Reputation: 1010
I am trying to write a machine learning library in Haskell, to work on my Haskell skills. I thought about a general design involving a class which is like so:
class Classifier classifier where
train :: X -> y -> trainingData
classify :: trainingData -> x -> y
For example, given a set of examples X, and their true labels y, train returns trainingData which is used in the classify function.
So, if I want to implement KNN, I would do it like so:
data KNN = KNN Int (Int -> Int -> Float)
Where the first int is the number of neighbors and the function its the metric that calculate the distance between the vectors
instance Classifier KNN where
---This is where I am stuck---
How can I implement the Classifier type class function so they would be generic to all of the classifier that I will create? I am feeling like I am treating Haskell too much like an imperative OOP like language and I'd like to do this the Haskell way.
Upvotes: 2
Views: 218
Reputation: 120079
I would say you need multi-parameter type classes (with optional functional dependencies, or type families; I omit those).

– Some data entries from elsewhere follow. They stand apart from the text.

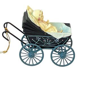 Renny’s Buggy a Tiny Treasure by Jan Hagara Porcelain Figurine Baby in Blue Metal Carriage Excellent Detail Baby's Fingers, Face Blanket Wheels Turn Adorable Cute New Baby Gift New Grandmother Gift Really Precious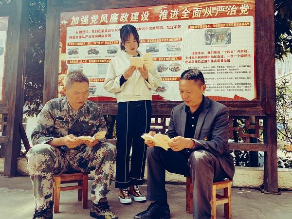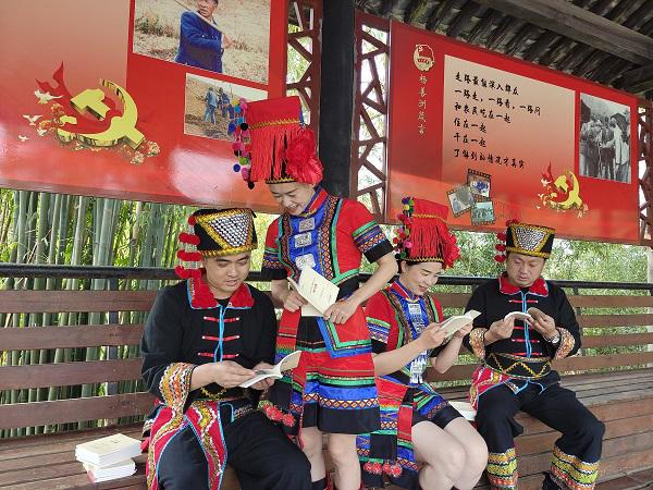 阿昌族群众学习《云南少数民族廉洁文化知与践》。(王龙芹 摄)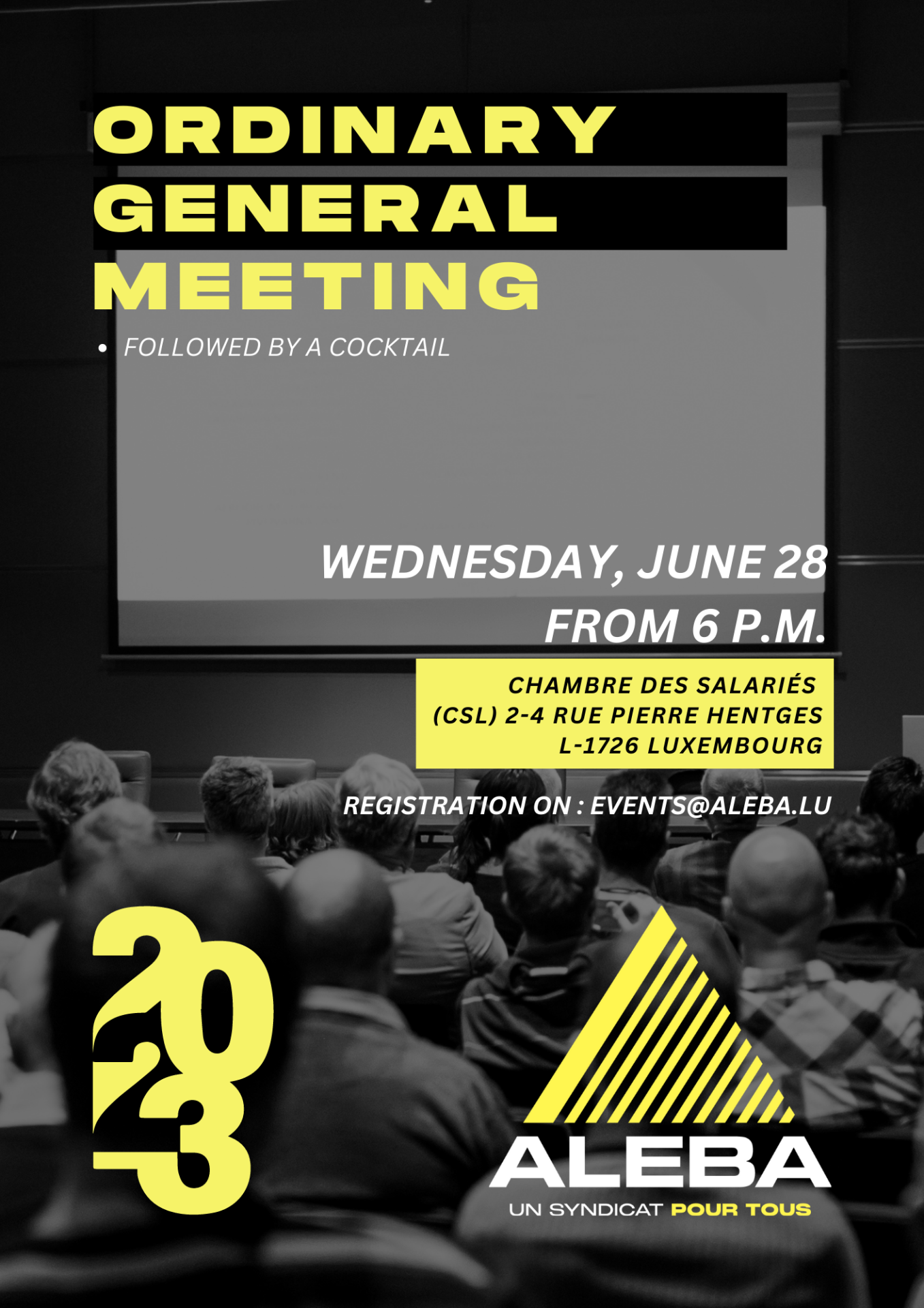 ALEBA is pleased to invite you to its Ordinary General Assembly on Wednesday, June 28, 2023 from 6 p.m. in the Chamber of Employees, 2-4 rue Pierre Hentges L-1726 Luxembourg.
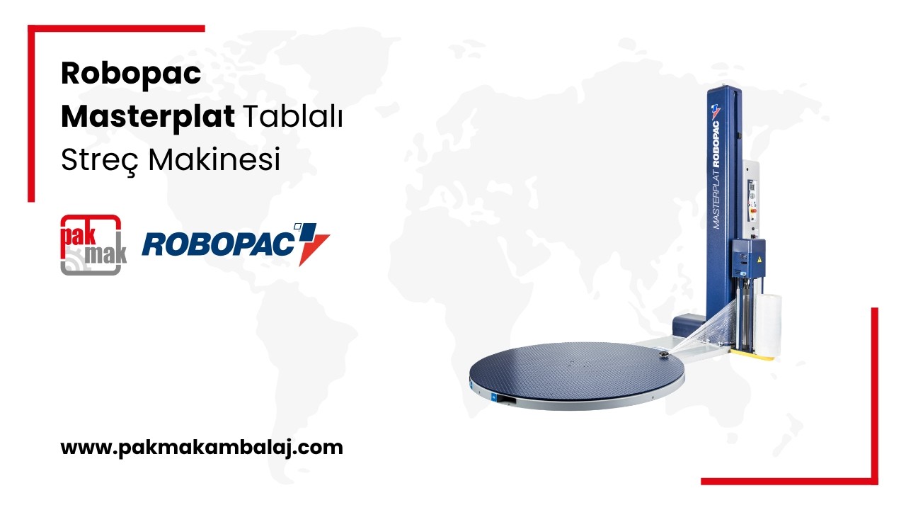 Robopac Masterplat Tablalı Streçleme Makinesi, paletli ürünlerin güvenli, dengeli ve ekonomik şekilde sarılması için geliştirilmiş yarı otomatik bir streçleme çözümüdür.

class Classifier c s l k where
train :: c -> [(s, l)] -> k
classify :: c -> k -> s -> l
combine :: c -> k -> k -> k
There is a four-sided relationship between classifier, sample, label and knowledge types.
The train method derives some knowledge (k) from a set of sample (s) — label (l) pairs. The classify method uses that knowledge to infer a label for a sample. (The combine method joins two pieces of knowledge together; don't know if it always applies).
Upvotes: 4
Reputation: 532238
Assuming your type class has no knowledge of what a classifier provides, you could do something like
class Classifier c where
train :: [x] -> [y] -> c -> [(x,y)]
classify :: [(x,y)] -> c -> x > y
Here, train
is getting a list of samples of type x
, a list of labels of type y
, and a classifier of some type c
, and needs to return a list of sample/label pairs.
classify
takes a list of sample/label pairs (such as that produced by train
), the classifier, and a sample, and produces a new label.
(At the very least, though, I'd probably replace [(x,y)]
with something like Map x y
.)
The key is that the classifier itself needs to be used by both train
and classify
, although you don't need to know what that would look like at this time.
Your instance for KNN
could then look like
instance Classifier KNN where
train samples labels (KNN n f) = ...
classify td (KNN n f) sample = ...
Here, n
and f
can be used both to create the training data, and to help pick the closest member of the training data for a sample point.
Upvotes: 3